I want a Cinderella pumpkin carriage! 

http://www.buggy.com/Images/2010front.jpg

Actually, I'd really just like a nice Meadowbrook. I can't think of anything I wouldn't want because I love to browse carriage sites and I haven't seen anything yet I don't like.


----------



## jimmy (Aug 26, 2009)

3neighs said:


> I want a Cinderella pumpkin carriage!
> 
> http://www.buggy.com/Images/2010front.jpg
> 
> Actually, I'd really just like a nice Meadowbrook. I can't think of anything I wouldn't want because I love to browse carriage sites and I haven't seen anything yet I don't like.

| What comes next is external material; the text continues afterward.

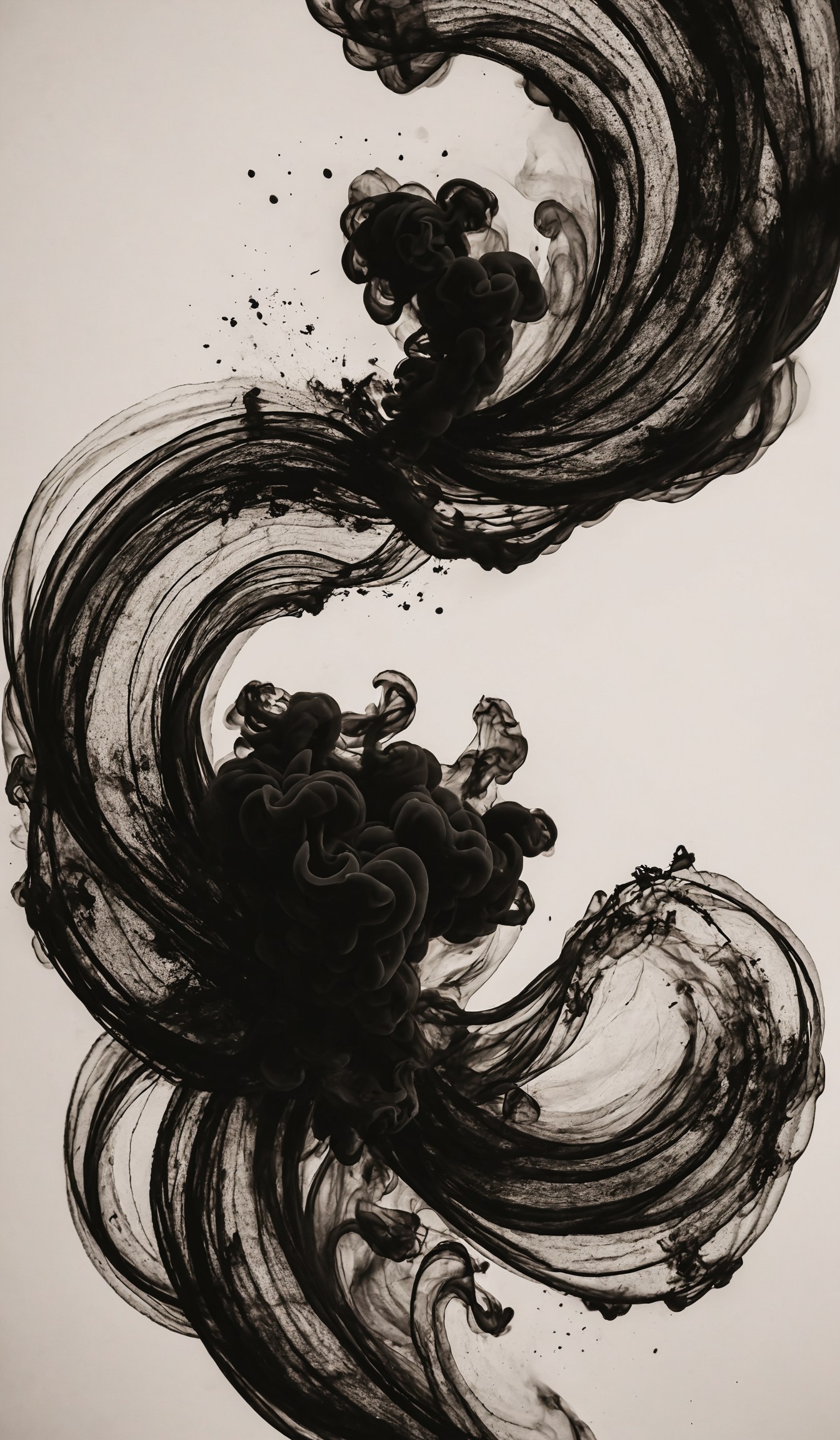 Abstract backdrop with stains of black incense smoke in concentric swirls against white background. Dramatic unusual scene. Beauty world. Retro filter and vintage style. Instagram toning effect, breathtaking photograph.

looked at the pic 3 neighs imagine how many new friends you,d have when their weddings were coming up


----------



## CheyAut (Nov 26, 2008)

Actually I have the carriage I would want!  My Pacific Carriage Dartmoor, as it's perfect for what I do 

But if I were to be impractical, something fancy and pretty... maybe like this
Colonial Carriage Works - Catalog: Skeleton Boot Victoria

Or a stagecoach


----------



## masatisan (Jan 12, 2009)

This:









Then I could take my whole family out on tour, and it looks well sturdy enough to handle a well groomed trail.


----------



## lillie (Oct 26, 2009)

where is it please?


----------



## lillie (Oct 26, 2009)

sorry, that was my computer going slow; as i hit "post reply" it magically appeared on what was a blank screen. i really like it; i'd have that too!


----------



## CheyAut (Nov 26, 2008)

Masatisan (hope I spelled that right) that is beautiful! I'd love to have it, too!  I'd prefer burgandy or blue to the green, but I"ll take it anyway!


----------



## jimmy (Aug 26, 2009)

masatisan said:


> This:
> 
> 
> 
> ...


yes thats a beauty how much do they sell for


----------



## lillie (Oct 26, 2009)

it's got a lovely old fashioned look to it that really appeals doesnt it. a lot of the newer ones being made just dont have the charecter.


----------